もういい、お前も餓鬼も殺してやる、そうすれば証人も何も残らない、とわめき散らしながらまっすぐに走ってくる。

あの出血量で何故走れるのか…彼がそう思った瞬間。

彼女が振り返り、彼を抱き締めた。
それと同時に彼女に大量の血がかかる。男が持っていた刀は折れ、その頭は胴体と別れて二度とくっつくことはなくなってしまった。



目の前で人が死んだことに対し、彼は何とも思わなかった。ただ、目の前で起きたことを脳が認識しただけ。なんの感情もおきない。

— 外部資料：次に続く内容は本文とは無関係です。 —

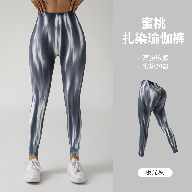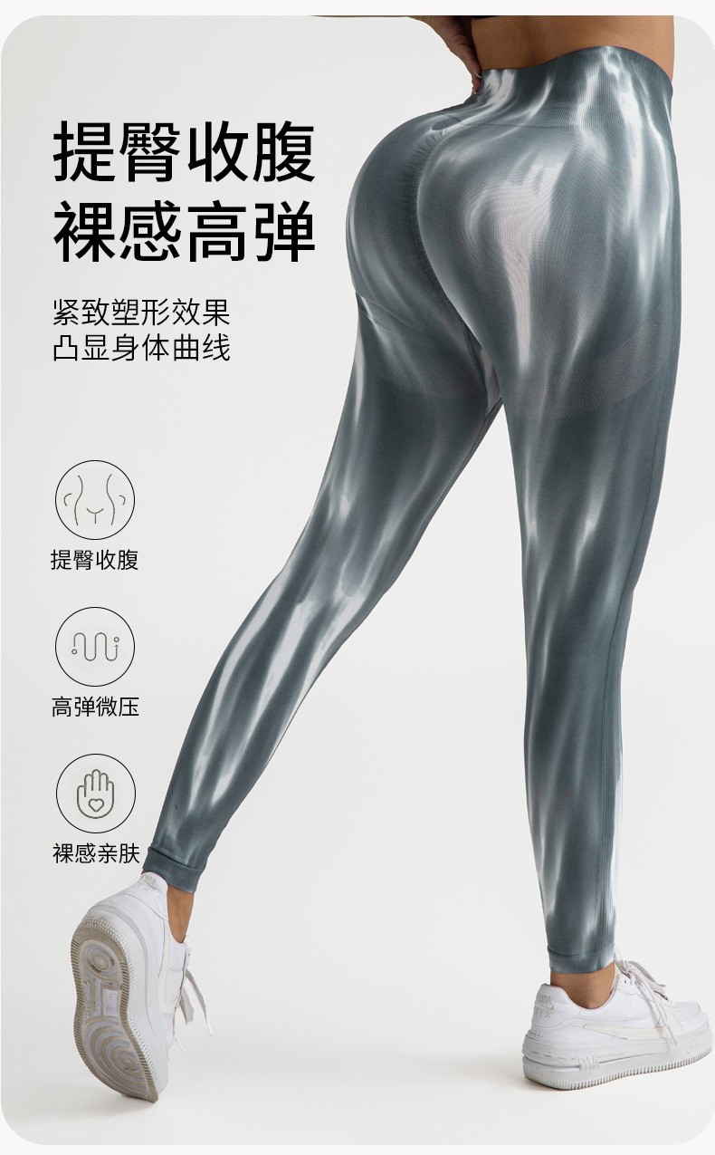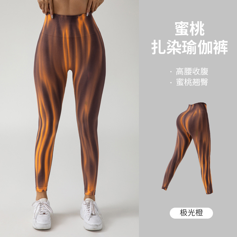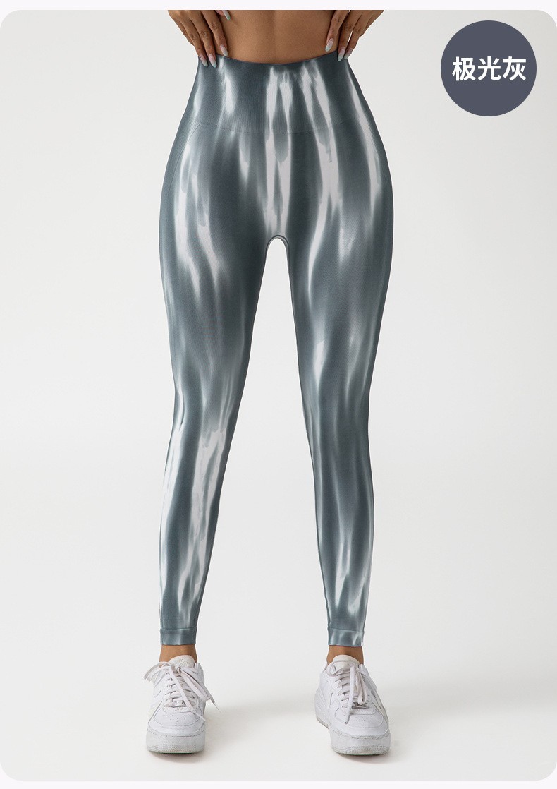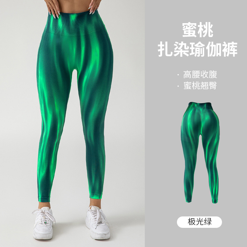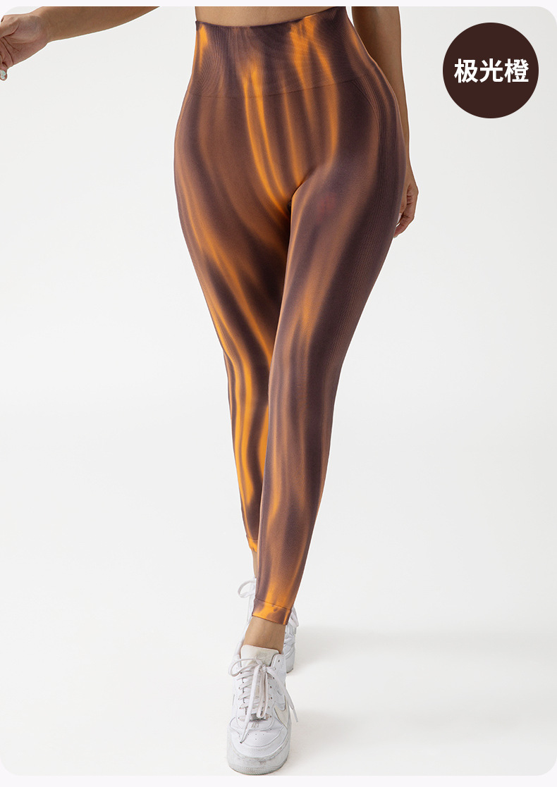 여름 폭발 천연 항균 넥타이 염색 오로라 원활한 기술 달리기 스포츠 피트니스 바지 복부 높은 탄성 요가 바지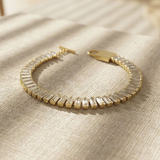 • 18K gold plated stainless steel tennis zircon bracelet size guide with toggle clasp

だが彼女は違ったようだ。彼が少し動いただけで大袈裟に肩を跳ね、不安そうに顔を覗きこんでくる。さっきの冷酷な口調の鬼は何処へやら、彼女は年相応の少女らしく怯えていた。

「…ねぇ、」
「っ…」

彼が話しかけると、彼女はぱっと抱き締めていた腕を離し、彼と少し距離をとった。

「どうして離れるの?」
「っ……お、主は…怖くないのか…?鬼の、この私が…」
「だって君は僕に何もしなかったじゃないか」
「お主、鬼がどういうものかわかっていないのか!私は人喰い鬼だぞ!?人を殺して喰らって力をつけて…それを繰り返して…ッ、いつかお主を喰うつもりかもしれないのだぞ!?なのに…」
「…それで君が救われるなら構わないよ?僕は教祖だから。皆を救って幸せにするのが使命なんだから」

その言葉にうつむき、震える肩をそっと抱いた少女。
その姿に覚えのあった彼は、血塗れの彼女に恐れることなく近寄った。先程までの頼もしさはすっかりなくなり、ただ不安に怯える彼女を優しく、そしてしっかりと抱き締めた。
上質な着物を、彼女の涙がゆっくりと濡らしていった。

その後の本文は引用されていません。